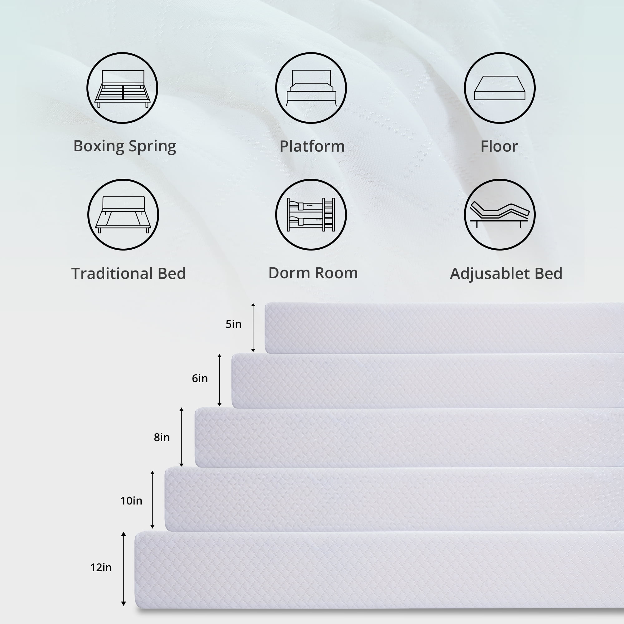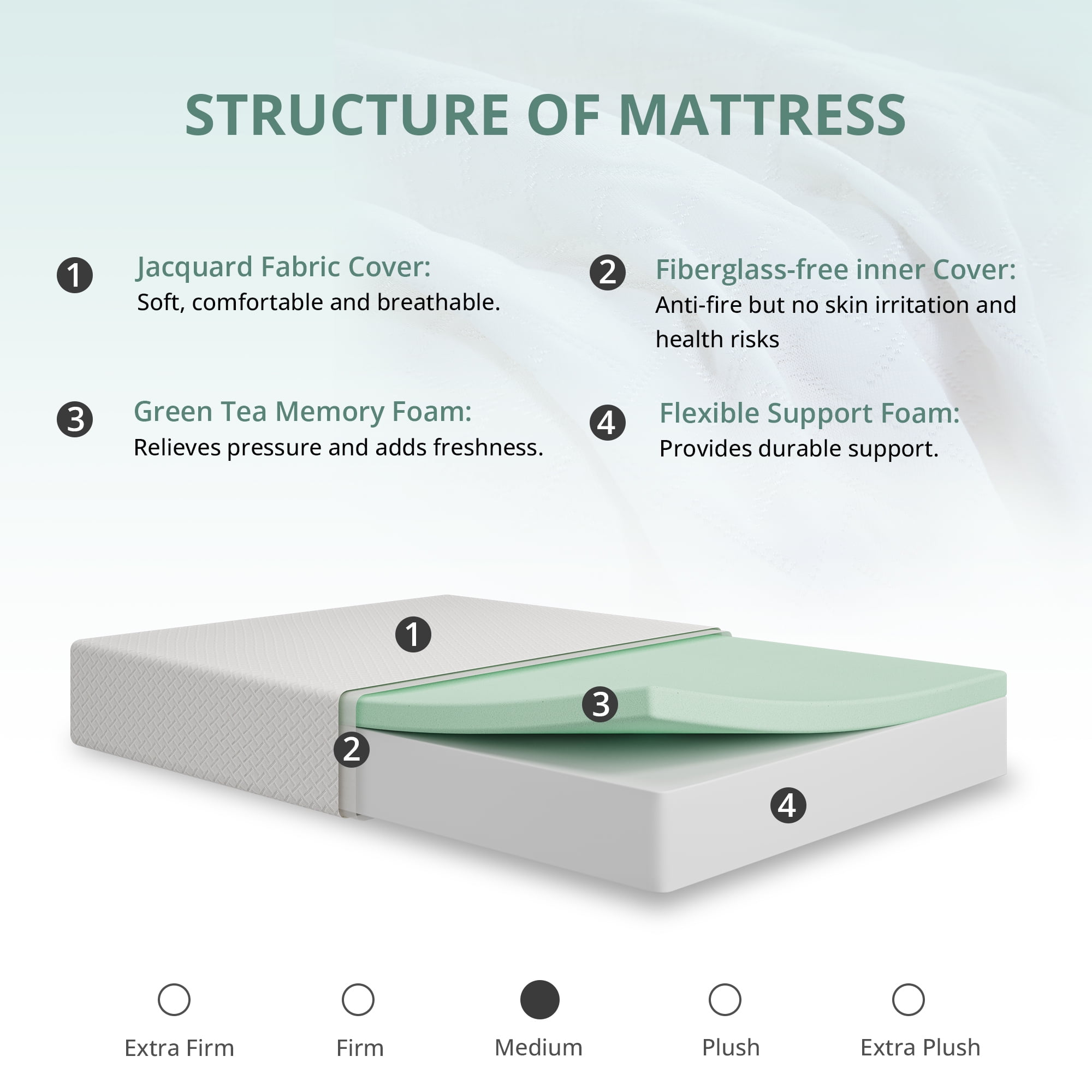Mattress Size: Twin Mattress Type: Green tea infused memory foam for a fresh and calm sleep environment Mattress Profile: 5 inches Comfort Level: Medium Firm Certified Safe and Non-Toxic: CertiPUR-US and OEKO-TEX certified Universal Compatibility: Fits all bed frames, bases, bunk beds, and adjustable beds Twin Mattress: 75 x 38 x 5 inches – 250 lb maximum weight capacity Memory Foam Mattress Highlights: Breathable, Edge Support, Pressure Relief, Low Motion Transfer Mattress in a box for easy setup: let the mattress expand for 48 to 72 hours Perfect for main bedrooms, secondary bedrooms, and guest bedrooms
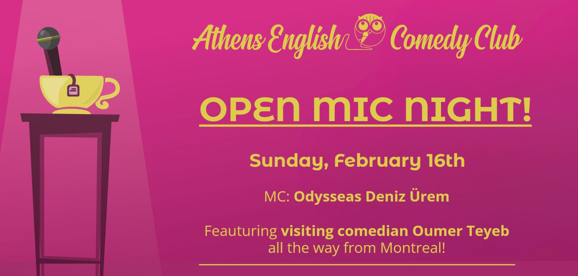Join the Athens English Comedy Club on Sunday, February 16th, for an open mic night! It’ll be a mix of everything. A potluck of comedy. Colourful, comedic, chaos!
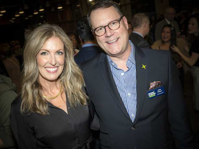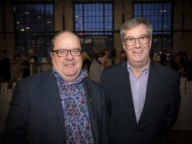 John Caminiti, partner with Boyden Social Impact Practice, the VIP event sponsor, addresses the crowd at the pre-event with Deirdre Freiheit, president and CEO of Shepherds of Good Hope and the Shepherds of Good Hope Foundation.
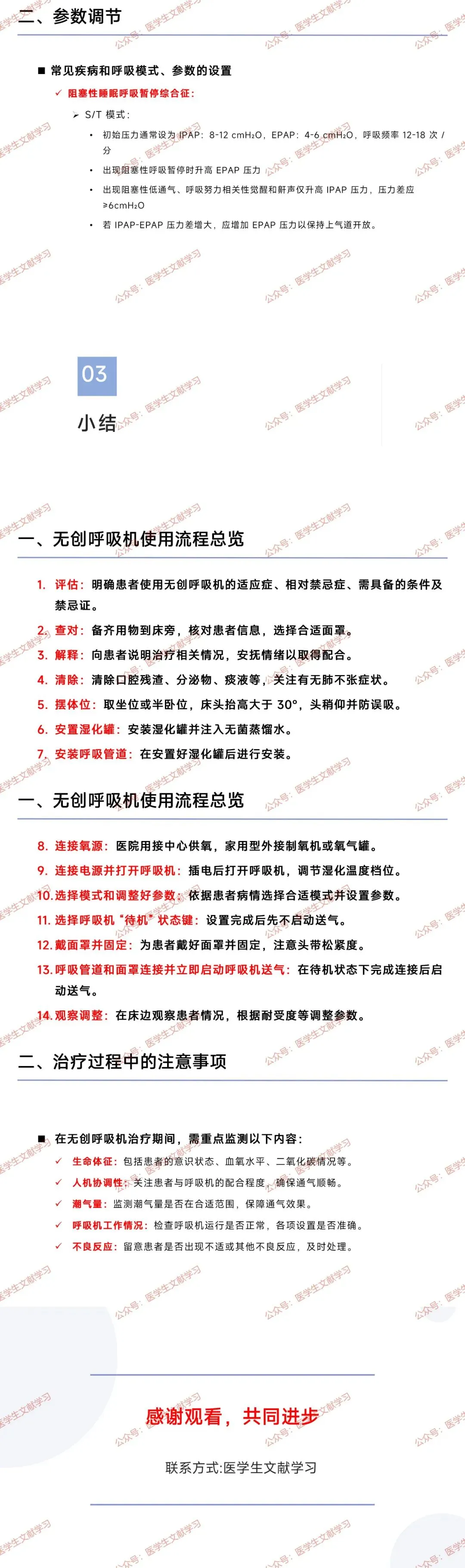 观察调整:患者刚上呼吸机时,在床边观察,根据患者的耐受情况、血氧、心率等情况调整参数。

--*--

--- Problem details ---
Would you return the data exactly as written, without the pictures?

--- Your solution ---
Mattress Size: Twin Mattress Type: Green tea infused memory foam for a fresh and calm sleep environment Mattress Profile: 5 inches Comfort Level: Medium Firm Certified Safe and Non-Toxic: CertiPUR-US and OEKO-TEX certified Universal Compatibility: Fits all bed frames, bases, bunk beds, and adjustable beds Twin Mattress: 75 x 38 x 5 inches – 250 lb maximum weight capacity Memory Foam Mattress Highlights: Breathable, Edge Support, Pressure Relief, Low Motion Transfer Mattress in a box for easy setup: let the mattress expand for 48 to 72 hours Perfect for main bedrooms, secondary bedrooms, and guest bedrooms
Join the Athens English Comedy Club on Sunday, February 16th, for an open mic night! It’ll be a mix of everything. A potluck of comedy. Colourful, comedic, chaos!
 John Caminiti, partner with Boyden Social Impact Practice, the VIP event sponsor, addresses the crowd at the pre-event with Deirdre Freiheit, president and CEO of Shepherds of Good Hope and the Shepherds of Good Hope Foundation.
 观察调整:患者刚上呼吸机时,在床边观察,根据患者的耐受情况、血氧、心率等情况调整参数。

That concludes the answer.